Эмили

Из Бургоса
Наташе

Сирень, шмели, седая, как старуха,
вся в белом, ни кровинки, вечер, тень.

Один из нас присядет - групповуха,
другой - за то, что бегал, ясен пень.
Но майский вечер так хорош, так нежен,
как только в детстве - кругом голова,
и только он по жизни неизбежен
и облаков цветные острова.

Она уже не выйдет.
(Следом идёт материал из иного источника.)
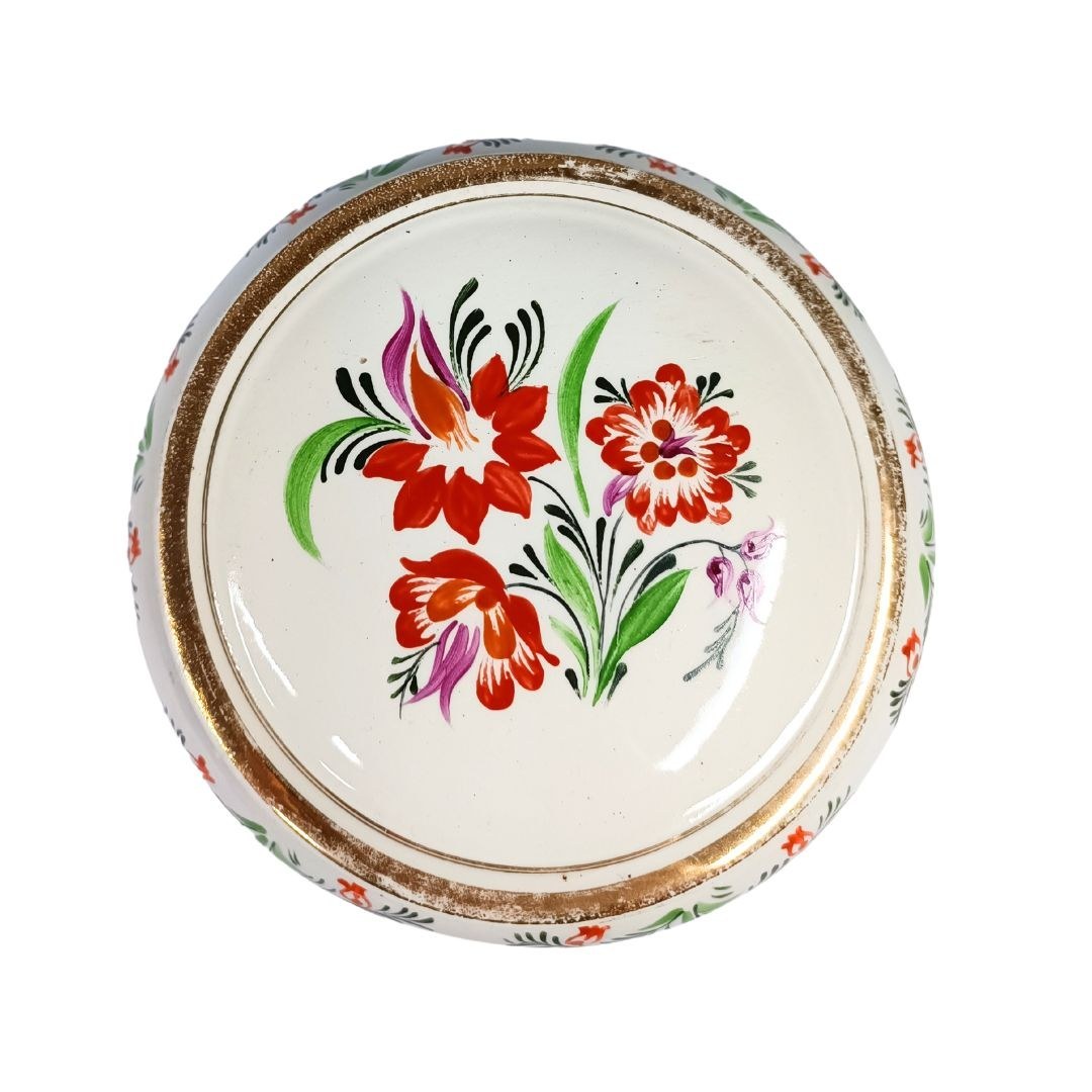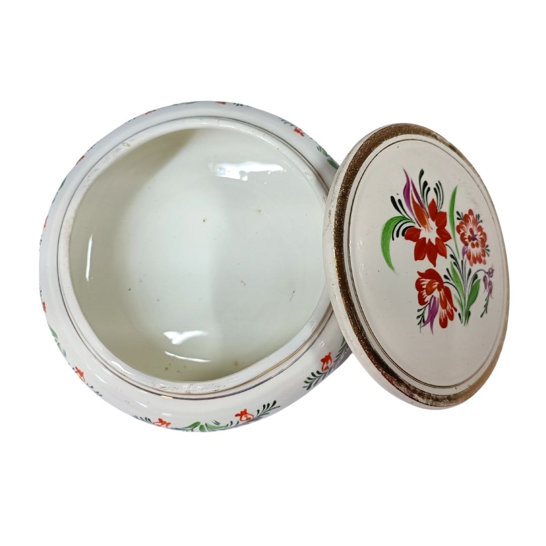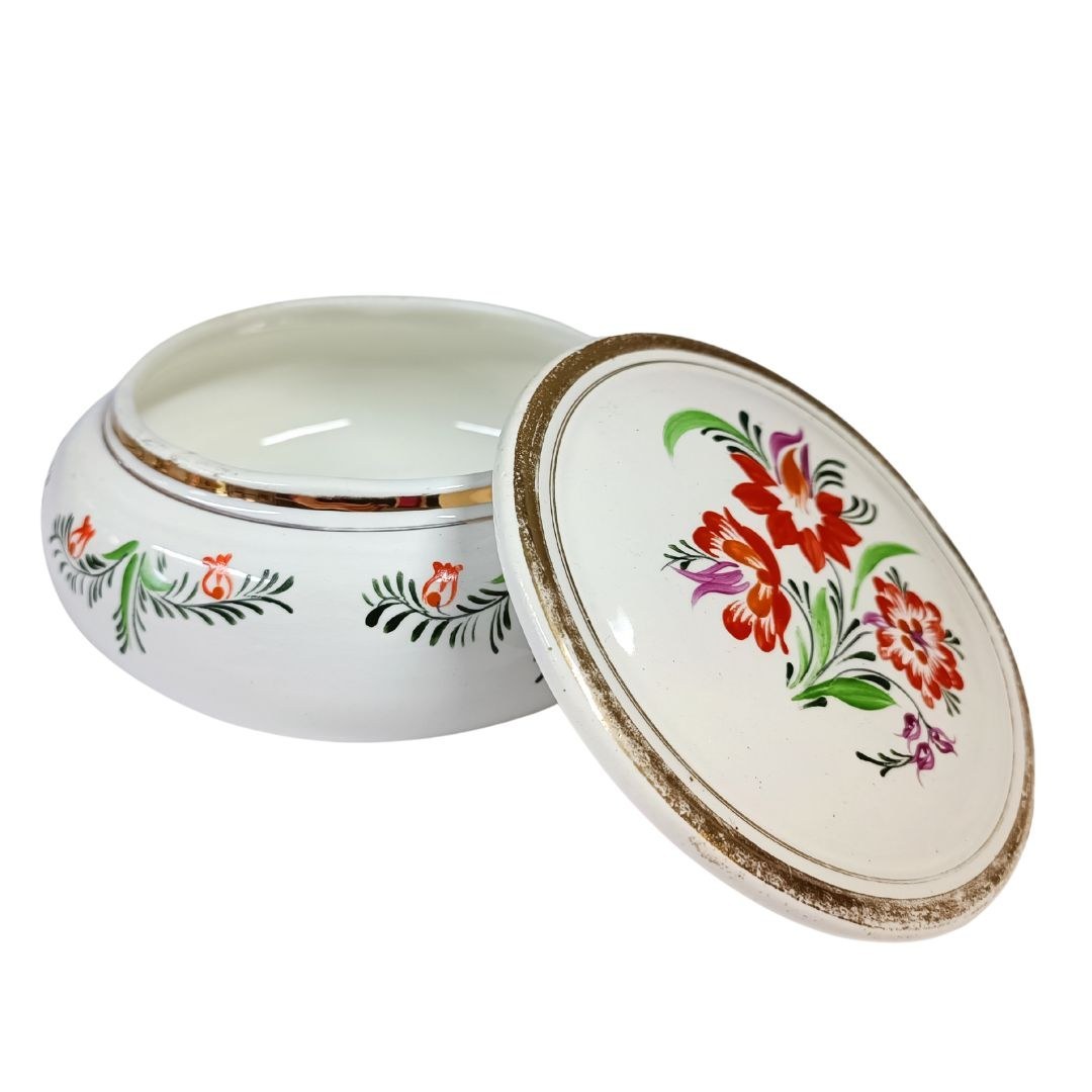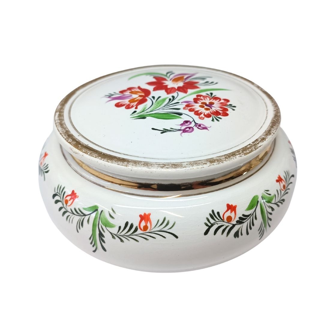 Ozdobna ceramiczna szkatułka z wieczkiem, zdobiona motywem kwiatowym oraz złotymi obwódkami.

Комнатушка.
Пылинки пляшут в солнечном столбе.
Жужжит над чаем крохотная мушка,
зудит в тиши, как прыщик на губе.

Мы говорим - о разном, но тревогам
мы уделяем где-то пять минут,
живём-то все, как водится, под Богом,
не очень нам являющимся тут.

Потом уходим в лес - там тихо, гулко,
там света мало, но вечерний свет
совсем не тот, ни лужиц переулка,
ни глины прилипающей здесь нет.
Одни косые линии, как струны,
зажатые в подушечках болот.
И как-то слабо верится, что дюны
в минуте хода, если быстрый ход.

Какой-то храм особенного свойства,
и хочется пугаться и молчать,
и слышать тишину до беспокойства,
сесть на пенёк, ногами не качать.

Как будто святость есть у этой доли
стволов и света, хлюпанья воды,
у этой потаённой тихой боли,
рождённой от неведомой беды.

Она берёт перо в сухую руку,
и пишет Богу - коротко и без -
без жалоб на усталость и на скуку,
о том, что чуял я, вошедший в лес,

о том, что боль рождается из света,
когда вечерний свет коснётся нас,
и силы никакой особой нету,
которой свет себя от боли б спас.

Что это навсегда. Что этом слишком
напоминает счастье. Нету сил,
когда текут над скромным городишком
потоки Божьих дымчатых чернил.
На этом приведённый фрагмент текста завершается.